# Iphone Wrapping !



## Braz11 (Aug 28, 2009)

Anyone know if you can get Iphone's Wrapped ? 
Heard the other day off one of my mates and he said it probally could be done :speechles


----------



## John757 (Jun 11, 2009)

As in gift wrap?


----------



## jus (Aug 8, 2009)

invisible shield
best there is matey


----------



## Braz11 (Aug 28, 2009)

John757 said:


> As in gift wrap?


lol! nono as in like a Protective Film/Cover ? 
Get differant colours ect.. ?


----------



## -Kev- (Oct 30, 2007)

ive got a clear protective film on the screen of mine and a clear case for the back/sides


----------



## Eeloe (Aug 12, 2008)

The Zagg invisible shield is probably what you talking about, can be gotten on ebay for small money! had one on my 3g...don't have anything on the 3gs at the moment apart from a Paul Frank hard case my sister got me for christmas!


----------



## stuart5760 (Jan 22, 2008)

Got the Zagg invisible shield on my Blackberry and bought one for my brother's iphone for christmas - Really good


----------



## Braz11 (Aug 28, 2009)

Zagg invisable sheild sounds good to me , il'l check them out  
Cheers guys


----------



## CAB (Oct 24, 2007)

I've got the OSIR iphone case on mine. Expensive but looks brill.


----------



## Eeloe (Aug 12, 2008)

that carbon case looks amazing!

I'm going to order a few more of the paul frank ones off ebay, they are only like 5 dollars each.....have a few different colours so i can swap them around a bit!


----------



## pdv40 (Sep 11, 2008)

^^ OMG that's amazing. I remember trying to get a price from the TT shop for these and never heard back


----------



## Braz11 (Aug 28, 2009)

Thanks for the help guys


----------



## col85 (Jan 28, 2009)

zagg do a cover that you cant print anything you want on it. Just upload a photo on their site and they make it into a cover

I got one with a lambo on the back, pretty sweet


----------



## Byron (Jan 31, 2009)

pdv40 said:


> ^^ OMG that's amazing. I remember trying to get a price from the TT shop for these and never heard back


I have had one on my iPhone but sold it due to the interest it recieved.
My mate imports the OSIR stuff. I could get ask for another one. Circa £70 iirc


----------



## Puntoboy (Jun 30, 2007)

I've got the Case Mate carbon fibre iPhone cover on mine.
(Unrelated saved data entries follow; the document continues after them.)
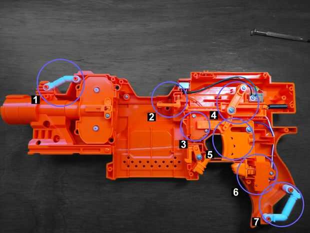 • Esto evita que el motor encienda si no hay ningún clip en el blaster y tiene un componente que impide que el gatillo es tirado.
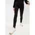 Love Moschino jeans elasticizzato nero sovratinto, con coloritura uniforme. Tessuto particolarmente morbido, con estastomultiestere. Leggermente scolorito in vita. Linea slim, asciutto sulla gamba, vita medio-alta. Fondo con risvoltino a contrasto più chiaro. Chiusura con cerniera e bottone. Modello cinque tasche. Etichetta in pelle verniciata nera, con logo a contrasto bianco.
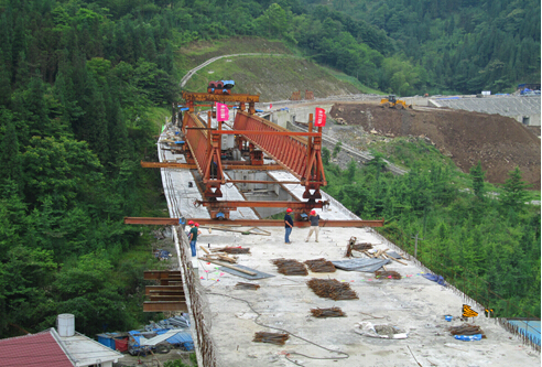 蔡家沟大桥T梁安装前,我部主要管理人员亲临现场组织进行架梁,无论是架桥机安装准备工作,配重、T梁行走的操作过程,还是最后的就位程序都进行详细的计划安排。每个步骤都是经过反复斟酌、商议才进行了最后的实施,为的就是保证整个过程的万无一失。预制T梁架设完毕的那瞬间,在场所有人员悬着的心终于放了下来,阵阵清脆的鞭炮声顿时响起,现场即刻响起了雷鸣般的掌声。
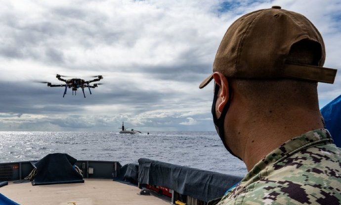 据俄罗斯塔斯社10月21日报道,10月20日,在美方西海岸附近上演了惊险一幕,一艘核潜艇正在海面上行驶,这时候一架无人机悄悄向核潜艇飞去。当无人机飞到潜艇上空的时候,居然将核潜艇逼停下来,随后无人机降落在潜艇舰桥上面。五角大楼方面表示,这完全出乎意料。
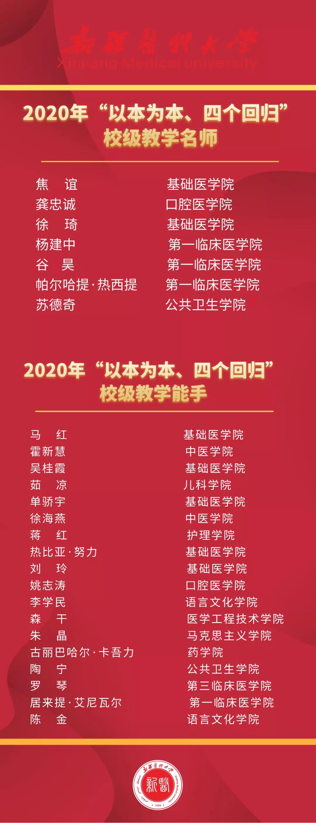 beat365在线唯一官网公布了2020年校级教学名师和教学能手名单

http://www.carbonfibergear.com/wp-c...te-black-carbon-fiber-leather-iphone-case.jpg


----------



## Sharpy (Mar 25, 2007)

i have had the invisible shield on for a while now and its ****, it was applied correctly and it peels away at the edges, i am awaiting to hear back from them regarding its lifetime warranty at the moment, a fwe others i know with them say the same thing, after a few months it starts to peel


----------



## Sharpy (Mar 25, 2007)

XTR said:


> I've got the OSIR iphone case on mine. Expensive but looks brill.


got any oics of the front of it?

does it cover the metal surround?


----------



## NickTB (Feb 4, 2007)

http://www.carbonfibergear.com/direct/moncarbone-carbon-fiber-apple-iphone-3g-3gs-case

Some nice stuff here


----------



## Puntoboy (Jun 30, 2007)

I've also got the carbon fibre leather wallet listed on there


----------



## pdv40 (Sep 11, 2008)

sharpy24 said:


> got any oics of the front of it?
> 
> does it cover the metal surround?


I'd like to see some pics of the fit round the buttons on the otherside two if poss


----------